The sign-off is about the difference between reversible and irreversible. A normal dish, if it’s wrong, comes back and gets redone. An allergy mistake doesn’t come back. A comp on a check that’s been paid is harder to unwind. For those, you pause, you check, you commit on purpose.

In a deep agent, this is interrupts. The framework lets you mark specific tools as needing human approval before they run. When the agent tries to call one of those tools, the whole graph pauses. The tool call and its arguments are handed to the human — the agent wants to do this, here’s what it would do, do you approve? The human approves, edits the arguments, rejects the call outright, or replies with a note the agent has to address. Only then does the tool actually execute, if it executes at all.

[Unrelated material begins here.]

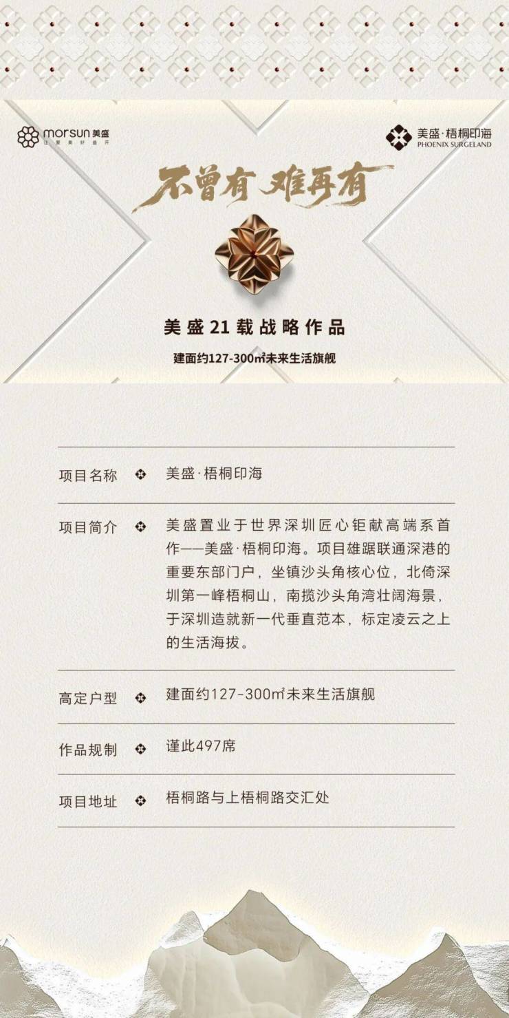 盐田沙头角即将在2026年3月底推出一个引人注目的新盘——美盛·梧桐印海(备案名:观山海云府)。此项目位于原沙头角保税区第四生活区城市更新单元用地,此次将首推3栋,共159套住宅

You don’t gate every tool. You gate the ones that change things you can’t take back — committed records, outbound orders, messages sent, inventory actually consumed. The day-to-day tools — writing to the counter, updating the rail, calling a station — run freely. The agent gets to do real work, and you only get interrupted when something real is about to leave the kitchen.

How the sign-off is configured

The gate itself is a dictionary. When you build a deep agent, you pass an interrupt_on argument mapping tool names to a config: "send_email": True, "commit_order": True. The True means use the default gate — four options available to the human: approve, edit the arguments, reject outright, or reply with a message the agent has to address.

You can also pass a more detailed config if you want tighter control: {“allow_accept”: True, “allow_edit”: False, “allow_respond”: True}, for instance, if some tools shouldn’t be edit-gated. The defaults are usually what you want. The more important question is which tools to gate in the first place. The rule of thumb: gate any tool whose effect you can’t easily undo. Everything else can run freely.

Bonus: What “paused” actually means

When an interrupt fires, the graph doesn’t just stop in memory. It checkpoints. The agent’s entire state — messages, files, plan, everything — gets serialized and saved, keyed by a thread_id.

The reason is practical. A pause might last seconds, or it might last until tomorrow morning when someone opens the app again. The Python process that was running the agent might not even exist by then — the server could have restarted, the container could have been redeployed. If state only lived in RAM, the pause would lose it. The checkpoint is what lets a pause survive anything.

When you resume — by calling the graph again with the same thread_id and your decision — the framework loads the checkpoint, injects your response at the exact point the agent paused, and carries on. It's a small detail of how the framework is built, but it's what makes the sign-off actually work in a real deployed system.

When you don’t need a deep agent

Le us understand when we need deep agents before looking at the implementation.

Not every task needs a kitchen. Some tasks just need a cook. If what you’re building is a short interaction — answer a question, call one or two tools, respond — a deep agent is overkill. You don’t open a restaurant to make yourself a sandwich. Use create_react_agent directly, or a plain LLM call with a couple of tools. The planning, the files, the sub-agents, the sign-off — none of that earns its weight when the whole task finishes in three turns.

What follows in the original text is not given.